***** Input records

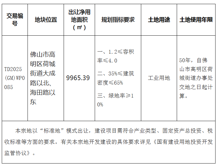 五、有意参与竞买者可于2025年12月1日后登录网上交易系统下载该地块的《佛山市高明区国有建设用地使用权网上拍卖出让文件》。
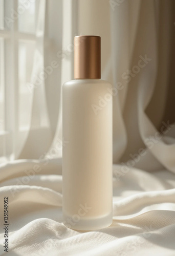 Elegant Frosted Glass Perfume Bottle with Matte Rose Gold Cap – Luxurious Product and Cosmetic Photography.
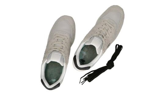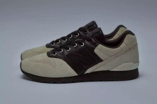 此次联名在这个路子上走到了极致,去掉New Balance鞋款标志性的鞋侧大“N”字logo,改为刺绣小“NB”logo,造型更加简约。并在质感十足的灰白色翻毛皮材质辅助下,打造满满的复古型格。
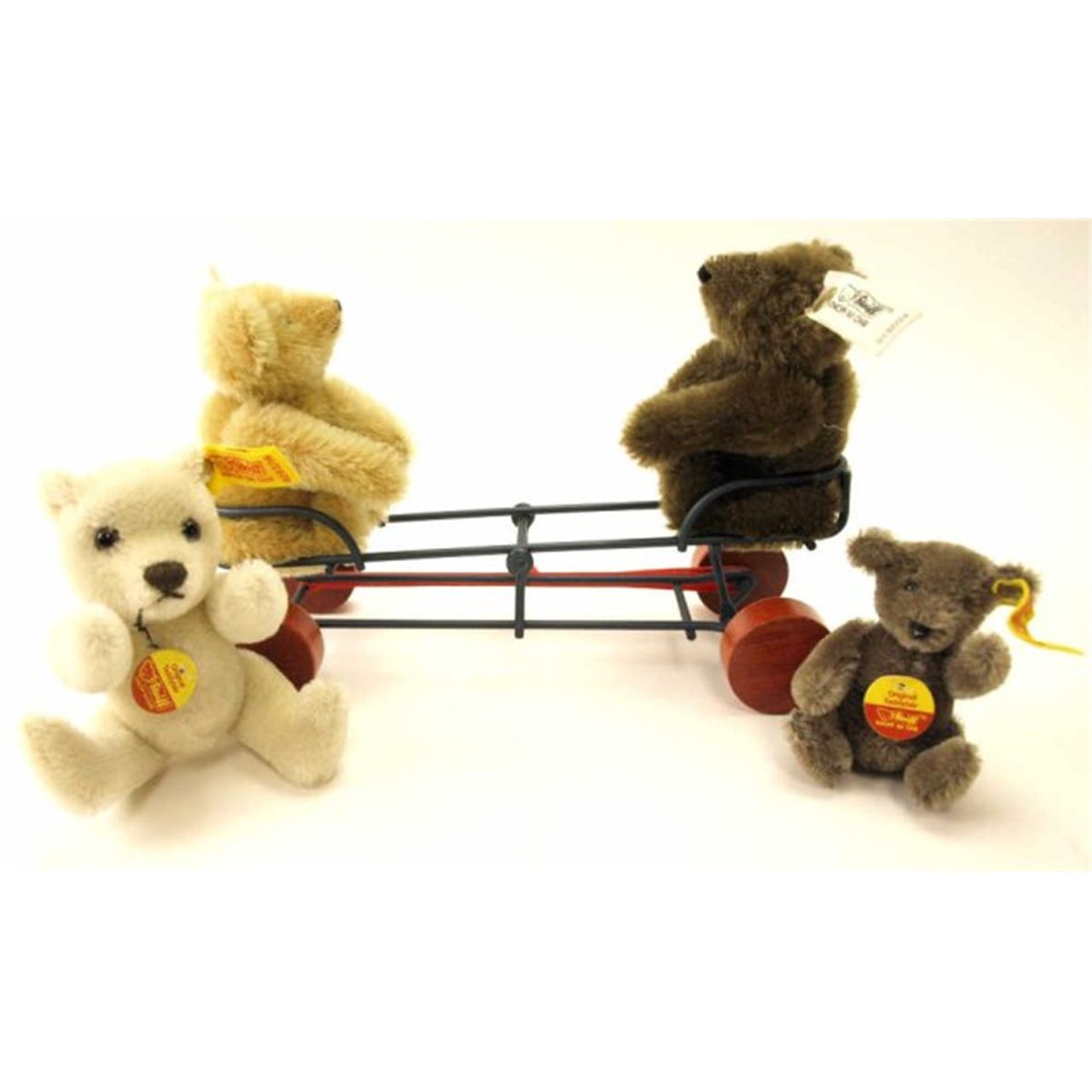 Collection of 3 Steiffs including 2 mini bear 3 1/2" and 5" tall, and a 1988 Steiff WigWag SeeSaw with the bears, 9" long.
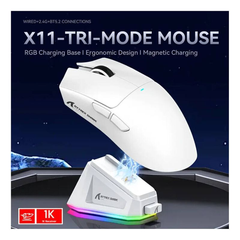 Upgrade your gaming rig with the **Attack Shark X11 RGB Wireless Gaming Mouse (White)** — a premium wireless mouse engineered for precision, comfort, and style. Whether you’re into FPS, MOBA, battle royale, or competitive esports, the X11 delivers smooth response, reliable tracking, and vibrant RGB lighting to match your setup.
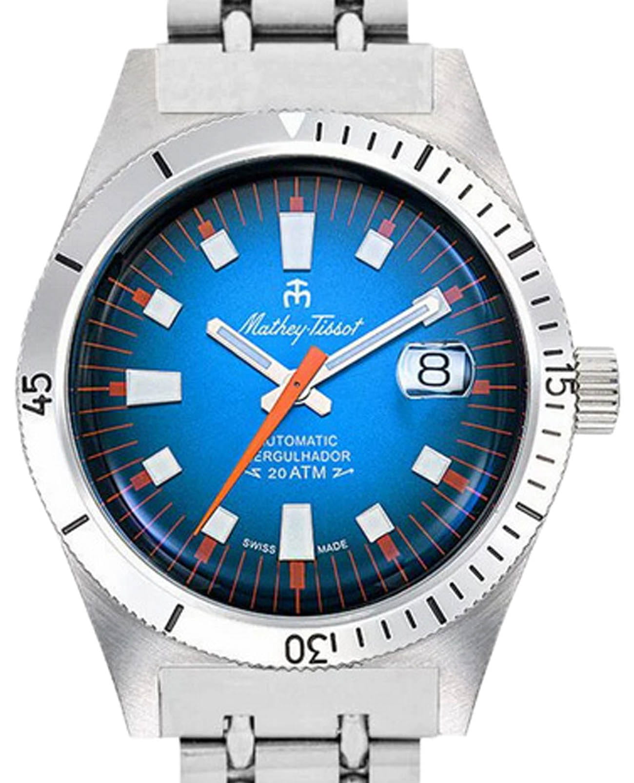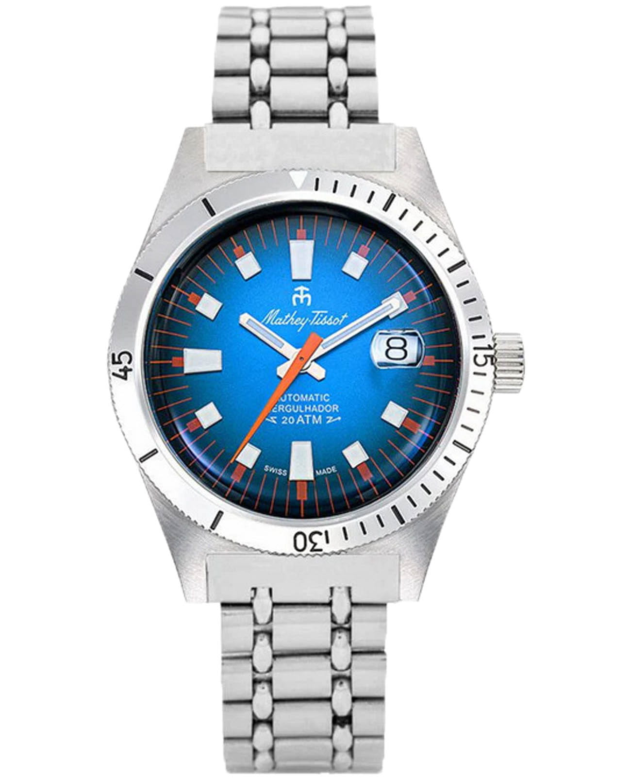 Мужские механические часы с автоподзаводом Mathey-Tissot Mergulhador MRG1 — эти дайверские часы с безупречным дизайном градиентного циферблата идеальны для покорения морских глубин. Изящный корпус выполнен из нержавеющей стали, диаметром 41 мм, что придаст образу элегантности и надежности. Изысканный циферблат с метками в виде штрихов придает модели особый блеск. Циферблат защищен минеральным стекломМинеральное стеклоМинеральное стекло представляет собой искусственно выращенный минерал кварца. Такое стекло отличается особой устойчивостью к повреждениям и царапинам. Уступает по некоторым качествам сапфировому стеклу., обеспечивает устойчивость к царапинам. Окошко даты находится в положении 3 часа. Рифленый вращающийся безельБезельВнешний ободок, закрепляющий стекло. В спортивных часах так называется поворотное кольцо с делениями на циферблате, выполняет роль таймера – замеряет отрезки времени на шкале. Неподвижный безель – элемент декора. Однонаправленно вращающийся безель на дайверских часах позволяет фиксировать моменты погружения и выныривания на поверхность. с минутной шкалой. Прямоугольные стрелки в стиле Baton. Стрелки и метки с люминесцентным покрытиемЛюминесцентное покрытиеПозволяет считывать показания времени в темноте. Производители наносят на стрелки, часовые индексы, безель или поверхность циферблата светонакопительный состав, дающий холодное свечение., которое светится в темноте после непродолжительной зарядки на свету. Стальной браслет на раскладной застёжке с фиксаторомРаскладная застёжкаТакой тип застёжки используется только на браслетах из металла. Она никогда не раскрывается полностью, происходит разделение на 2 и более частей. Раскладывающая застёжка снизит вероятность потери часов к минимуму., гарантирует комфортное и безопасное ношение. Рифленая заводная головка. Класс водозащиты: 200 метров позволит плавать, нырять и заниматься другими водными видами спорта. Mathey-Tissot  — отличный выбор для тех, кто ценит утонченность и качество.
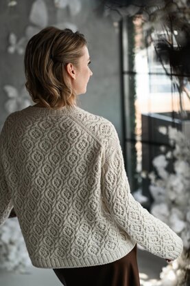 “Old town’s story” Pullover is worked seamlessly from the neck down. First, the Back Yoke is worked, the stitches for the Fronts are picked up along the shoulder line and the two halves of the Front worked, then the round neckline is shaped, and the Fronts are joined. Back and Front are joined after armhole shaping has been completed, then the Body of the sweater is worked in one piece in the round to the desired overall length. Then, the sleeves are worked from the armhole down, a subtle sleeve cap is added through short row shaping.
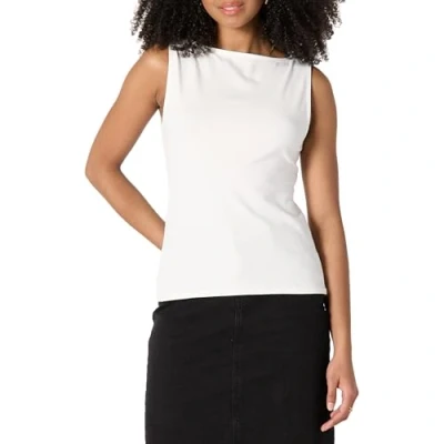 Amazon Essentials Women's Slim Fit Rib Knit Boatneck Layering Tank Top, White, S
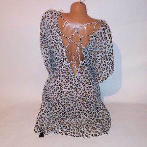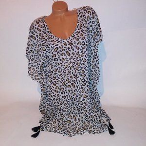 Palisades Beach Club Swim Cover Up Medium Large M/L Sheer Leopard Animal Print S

**********

Start at the top of the entries and repeat each line exactly, ending at the line that contains "Collection of 3". Pictures are not part of the copy.

Answer space:
 五、有意参与竞买者可于2025年12月1日后登录网上交易系统下载该地块的《佛山市高明区国有建设用地使用权网上拍卖出让文件》。
 Elegant Frosted Glass Perfume Bottle with Matte Rose Gold Cap – Luxurious Product and Cosmetic Photography.
 此次联名在这个路子上走到了极致,去掉New Balance鞋款标志性的鞋侧大“N”字logo,改为刺绣小“NB”logo,造型更加简约。并在质感十足的灰白色翻毛皮材质辅助下,打造满满的复古型格。
 Collection of 3 Steiffs including 2 mini bear 3 1/2" and 5" tall, and a 1988 Steiff WigWag SeeSaw with the bears, 9" long.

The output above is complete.